Records —
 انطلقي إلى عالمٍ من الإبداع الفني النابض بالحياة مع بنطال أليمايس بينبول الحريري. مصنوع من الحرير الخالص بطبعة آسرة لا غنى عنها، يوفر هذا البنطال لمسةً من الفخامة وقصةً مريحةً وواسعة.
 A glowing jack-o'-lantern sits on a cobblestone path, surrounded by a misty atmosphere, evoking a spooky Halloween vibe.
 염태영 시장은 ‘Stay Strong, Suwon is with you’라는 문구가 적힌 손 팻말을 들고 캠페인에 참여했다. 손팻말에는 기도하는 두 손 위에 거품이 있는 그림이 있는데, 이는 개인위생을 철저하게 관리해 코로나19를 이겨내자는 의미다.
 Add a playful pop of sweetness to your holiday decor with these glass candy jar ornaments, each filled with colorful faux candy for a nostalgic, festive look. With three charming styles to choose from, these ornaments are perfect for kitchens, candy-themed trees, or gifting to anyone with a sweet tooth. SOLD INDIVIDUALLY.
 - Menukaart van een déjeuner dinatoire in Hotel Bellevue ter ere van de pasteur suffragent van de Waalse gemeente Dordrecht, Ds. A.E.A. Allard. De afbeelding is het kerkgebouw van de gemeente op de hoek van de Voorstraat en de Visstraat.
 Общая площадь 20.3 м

...

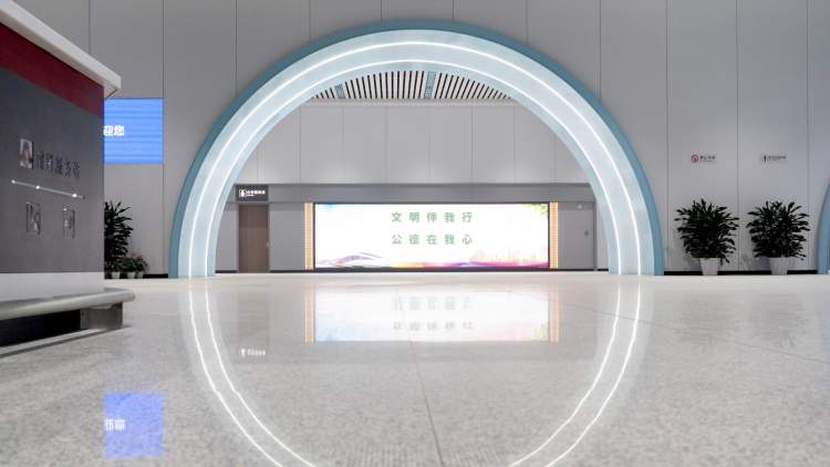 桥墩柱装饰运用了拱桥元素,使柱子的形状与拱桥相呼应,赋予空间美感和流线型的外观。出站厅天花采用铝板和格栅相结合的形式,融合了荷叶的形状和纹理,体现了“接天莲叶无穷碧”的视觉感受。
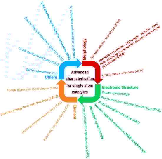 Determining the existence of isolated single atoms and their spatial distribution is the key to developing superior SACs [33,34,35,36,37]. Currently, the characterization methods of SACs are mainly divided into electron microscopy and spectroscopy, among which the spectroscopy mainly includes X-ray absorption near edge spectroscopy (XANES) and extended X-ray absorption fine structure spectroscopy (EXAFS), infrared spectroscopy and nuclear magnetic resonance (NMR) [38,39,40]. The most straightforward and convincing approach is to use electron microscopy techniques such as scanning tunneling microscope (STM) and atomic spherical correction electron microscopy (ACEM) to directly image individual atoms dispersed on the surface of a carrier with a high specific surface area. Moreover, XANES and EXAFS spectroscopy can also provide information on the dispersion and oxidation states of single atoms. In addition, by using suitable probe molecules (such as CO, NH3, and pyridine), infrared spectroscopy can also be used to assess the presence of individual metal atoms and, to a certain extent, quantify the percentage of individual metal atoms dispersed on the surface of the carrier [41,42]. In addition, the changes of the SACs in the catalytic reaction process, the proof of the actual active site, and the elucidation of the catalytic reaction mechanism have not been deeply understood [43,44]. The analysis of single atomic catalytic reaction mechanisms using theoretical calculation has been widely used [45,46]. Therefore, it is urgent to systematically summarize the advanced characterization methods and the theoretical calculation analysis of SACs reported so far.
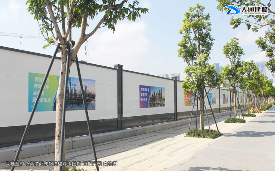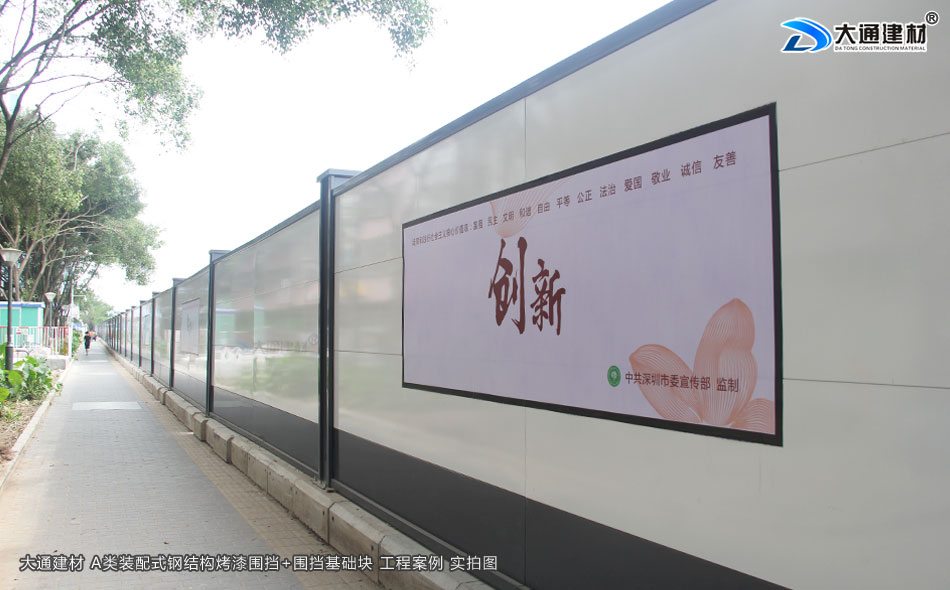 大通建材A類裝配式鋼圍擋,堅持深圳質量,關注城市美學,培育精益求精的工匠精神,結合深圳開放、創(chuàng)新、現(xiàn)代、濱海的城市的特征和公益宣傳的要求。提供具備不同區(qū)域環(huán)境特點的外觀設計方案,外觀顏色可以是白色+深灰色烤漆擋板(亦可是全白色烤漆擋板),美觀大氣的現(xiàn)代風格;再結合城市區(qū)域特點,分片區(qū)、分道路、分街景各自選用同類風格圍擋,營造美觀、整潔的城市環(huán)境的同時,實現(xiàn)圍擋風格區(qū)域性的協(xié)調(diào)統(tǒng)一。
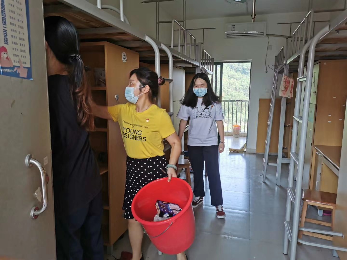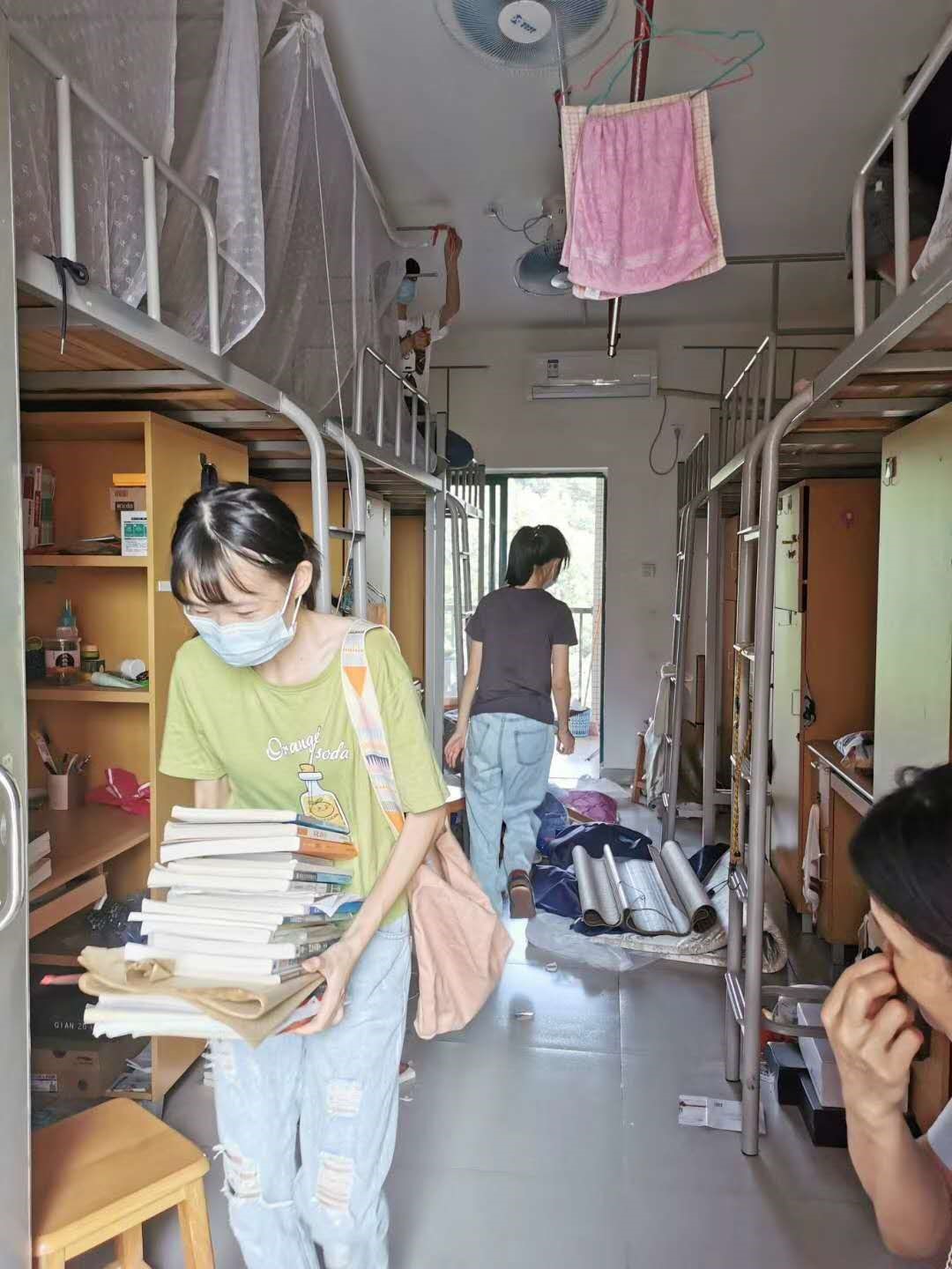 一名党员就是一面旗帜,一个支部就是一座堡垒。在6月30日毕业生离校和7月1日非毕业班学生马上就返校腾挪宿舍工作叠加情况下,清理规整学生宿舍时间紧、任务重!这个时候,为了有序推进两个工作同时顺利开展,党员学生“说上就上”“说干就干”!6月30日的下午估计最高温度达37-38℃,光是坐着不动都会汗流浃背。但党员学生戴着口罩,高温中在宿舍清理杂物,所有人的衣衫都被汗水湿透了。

Problem details —
From the entries above, restate word for word the lines from the line containing "- Menukaart van" to the line containing "Общая площадь 20.3 м", both ends included, and nothing more.

Solution —
 - Menukaart van een déjeuner dinatoire in Hotel Bellevue ter ere van de pasteur suffragent van de Waalse gemeente Dordrecht, Ds. A.E.A. Allard. De afbeelding is het kerkgebouw van de gemeente op de hoek van de Voorstraat en de Visstraat.
 Общая площадь 20.3 м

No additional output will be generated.